Vitamin D which is referred to as sunshine vitamin, since long has been associated with strong and healthy bones. It also benefits the immune system, endocrine system, and the cardiovascular system. But there is a lot more vitamin D works on rather than just the bones.
Insufficient Vitamin D levels lead to a compromised immune system, increases the risk of hypertension, and also raises the risk of type 2 diabetes.
A study published in a journal shows how vitamin D deficiency is related to the development of dementia and Alzheimer’s(1). Over the past years, low levels of this vitamin have been associated with brain-related disorders such as Parkinson’s, multiple sclerosis, and even autism(2).
A normal range of 50ng/ml-80ng/ml of vitamin D should be maintained. Along with this a daily diet of 5000IU-8000IU of daily vitamin D in the meals is recommended for better absorption.
How Does Vitamin D Affect The Brain Health?
Vitamin D commonly and significantly impacts brain health. Mild cognitive decline and dementia are the common age-related cognitive decline and have been associated with low vitamin D levels in the body.
Certain cells in the brain have a receptor for vitamin D that keeps the brain healthy and functioning.
A study conducted in an animal model of Alzheimer’s diseases showed that vitamin D helped clear the brain of amyloid, a toxic protein which builds up and contributes to Alzheimer’s(3,4).
It supported neurogenesis i.e. formation of new and healthy brain cells. Vitamin D also protects against neuroinflammation and neurodegenerative disorders in the brain.
Vitamin D and Age-Related Cognitive Decline
Mild cognitive impairment is very common as the age advances. It is seen affecting roughly 15-20% of individual of 65 years of age and older(5). This increases the risk of dementia in these individuals.
Dementia contributes to the risk factors involved in the death in elderly and Alzheimer’s is the most common cause of dementia.

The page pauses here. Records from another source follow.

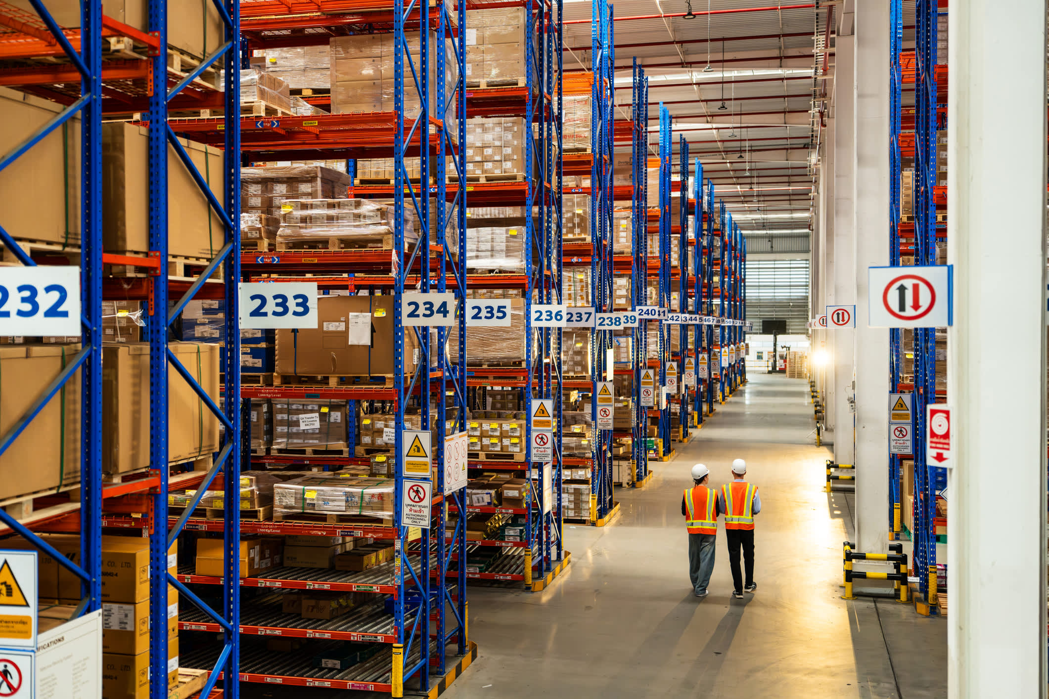 A large industrial warehouse features rows of shelves stacked with packages, while two workers in safety gear are walking and inspecting the storage. Utilized space exemplifies efficiency and systematic inventory management.
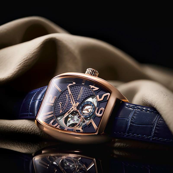 サステナビリティの観点から時計業界に広がる「機械式時計トレンド」を取り入れた、 “トノー型(樽型)”のオートマティックウォッチ。アールデコ調のインデックスと、ダイヤルのクル・ド・パリ装飾が、エレガントな個性を発揮します。
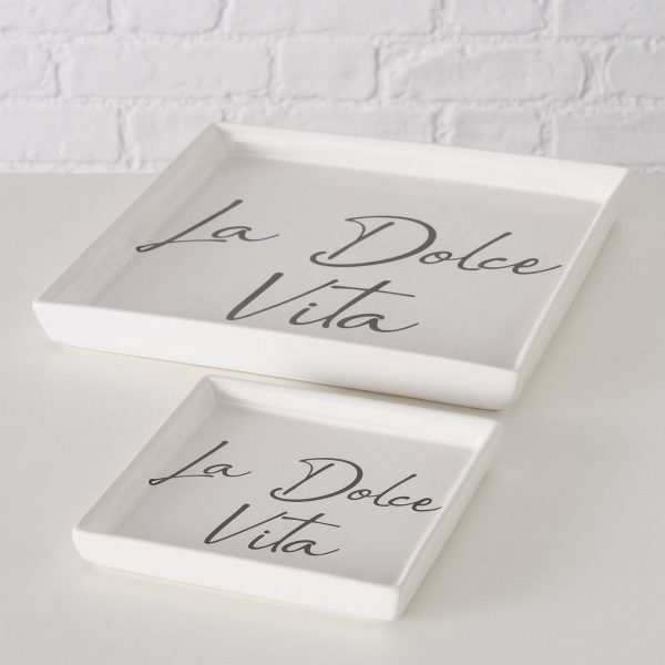 Plate Dolce Vita, 2 p., Set 2, Dishwasher safe, Stoneware, Multi-coloured, Saying/Text, Black, White stoneware colour-mi
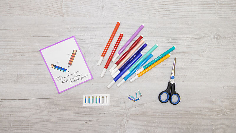 Drucke im ersten Schritt die Vorlage auf dickem Papier aus, male die Motive aus und schneide sie sauber zu.
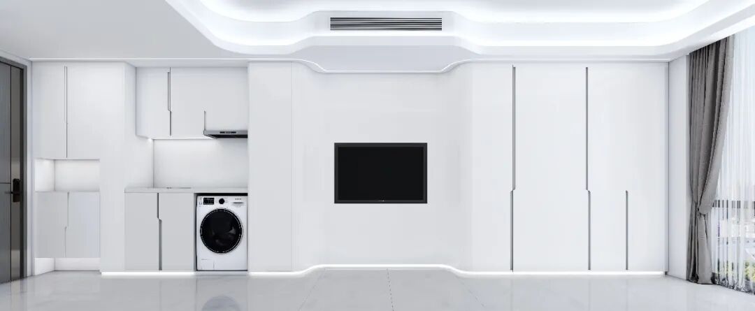 Cool science fiction, minimalist future, create an intelligent system for the whole house, and enjoy convenient life; curved cabinets and curved shapes release the sense of advanced space!
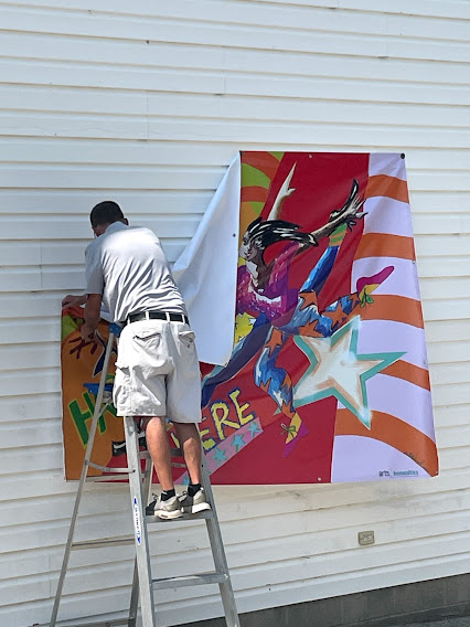 First, during Just Arts: A Celebration of Arts and Activism, we commissioned local muralist and activist Lusmerlin Lantigua to facilitate the creation of a community artwork and express what "coming together through the arts" meant to the attendees.

Vitamin D has been associated with the declining brain function and has been an addition in the risk factors associated with mild cognitive impairment and dementia. In fact, a study shows that risk of developing dementia is more in those with vitamin D deficiency(6) and those with high vitamin D levels have less cognitive impairment and better short term working memory.
Vitamin D levels are also linked with the structure of the brain. Higher levels of this vitamin are associated with more beneficial gray matter in older adults. Gray matter is a brain tissue where nerves are present and form the functional connections with the other cells such as in cerebral cortex which is a major region of the brain. Cerebral cortex controls cognition, new memory formation, and memory recall.
Vitamin D deficiency is a common problem. Vitamin D supports various brain functions and also protects against neurodegeneration.
Keep a check on the levels and if they are found low it is better to consult a doctor and start a supplement for the same. It should be noted that heavier people often need higher dose and absorption is much better if the vitamin is taken with a meal that contains fat.